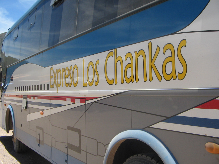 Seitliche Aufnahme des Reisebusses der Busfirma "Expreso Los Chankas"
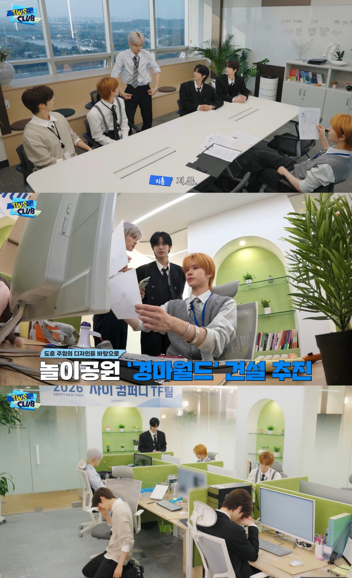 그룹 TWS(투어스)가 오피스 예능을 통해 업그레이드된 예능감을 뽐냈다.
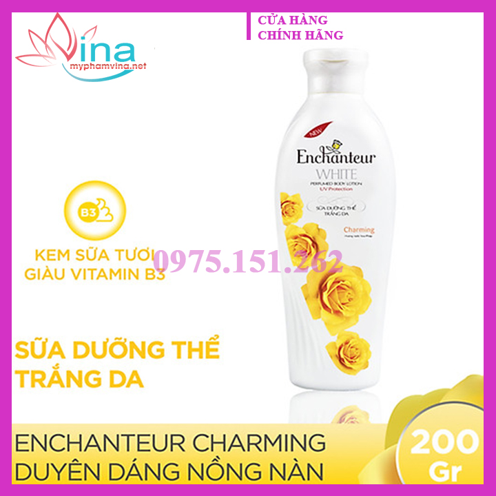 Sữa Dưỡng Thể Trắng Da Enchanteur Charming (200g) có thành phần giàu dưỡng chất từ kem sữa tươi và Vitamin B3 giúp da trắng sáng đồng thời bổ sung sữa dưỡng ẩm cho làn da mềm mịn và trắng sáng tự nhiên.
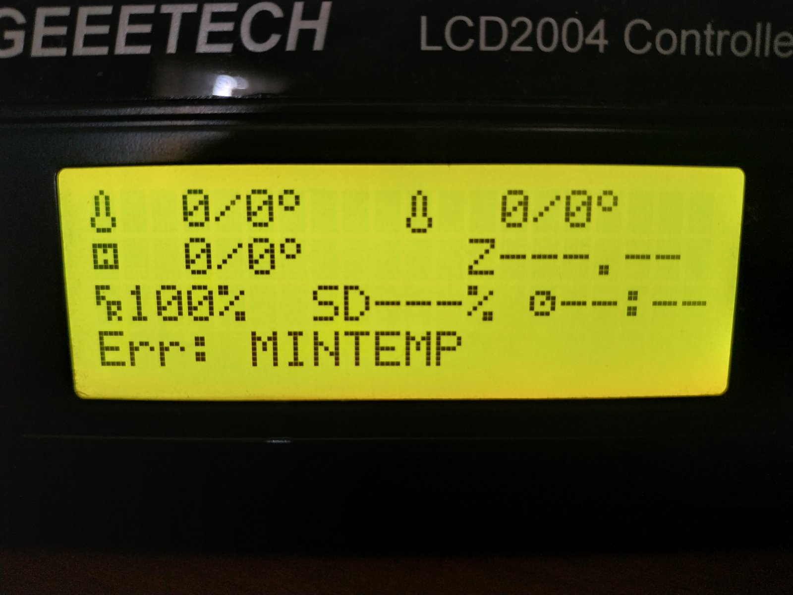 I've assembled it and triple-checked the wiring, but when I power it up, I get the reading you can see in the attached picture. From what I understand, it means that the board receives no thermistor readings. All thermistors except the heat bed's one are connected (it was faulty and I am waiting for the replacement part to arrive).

--

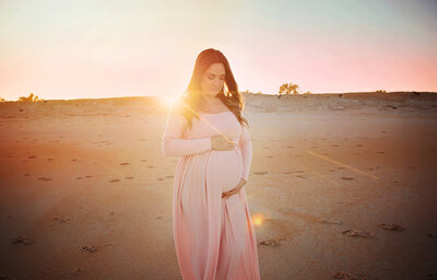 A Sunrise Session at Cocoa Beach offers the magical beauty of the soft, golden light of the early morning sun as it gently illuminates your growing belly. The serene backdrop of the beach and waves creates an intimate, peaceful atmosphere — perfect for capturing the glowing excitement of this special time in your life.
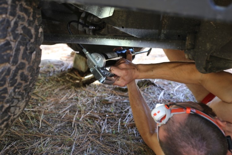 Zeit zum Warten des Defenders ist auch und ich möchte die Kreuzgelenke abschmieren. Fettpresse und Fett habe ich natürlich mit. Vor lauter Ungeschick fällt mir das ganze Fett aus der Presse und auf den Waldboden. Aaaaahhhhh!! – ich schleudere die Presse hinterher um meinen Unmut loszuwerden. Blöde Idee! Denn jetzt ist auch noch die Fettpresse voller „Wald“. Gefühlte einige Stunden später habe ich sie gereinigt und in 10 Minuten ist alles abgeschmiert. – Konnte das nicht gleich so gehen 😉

---

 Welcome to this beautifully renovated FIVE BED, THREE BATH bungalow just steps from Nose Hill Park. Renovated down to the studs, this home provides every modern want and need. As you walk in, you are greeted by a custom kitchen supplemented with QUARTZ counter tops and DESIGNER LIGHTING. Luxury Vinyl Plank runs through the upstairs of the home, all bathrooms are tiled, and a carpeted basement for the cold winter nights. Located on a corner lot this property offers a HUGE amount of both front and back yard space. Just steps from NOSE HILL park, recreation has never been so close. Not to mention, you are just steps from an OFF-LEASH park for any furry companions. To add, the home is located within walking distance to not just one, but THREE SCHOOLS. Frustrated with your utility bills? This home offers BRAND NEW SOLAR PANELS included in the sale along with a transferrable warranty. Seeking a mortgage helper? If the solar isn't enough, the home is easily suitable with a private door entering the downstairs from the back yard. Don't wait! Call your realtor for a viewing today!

• **WHAT THE TASK ASKS**: Print everything from the line with "Seitliche Aufnahme des" down to the line with "그룹 TWS(투어스)가 오피스 예능을 통해 업그레이드된 예능감을 뽐냈다." in the entries above, both lines included and nothing more, without the pictures.

• **EXPECTED OUTPUT**:
 Seitliche Aufnahme des Reisebusses der Busfirma "Expreso Los Chankas"
 그룹 TWS(투어스)가 오피스 예능을 통해 업그레이드된 예능감을 뽐냈다.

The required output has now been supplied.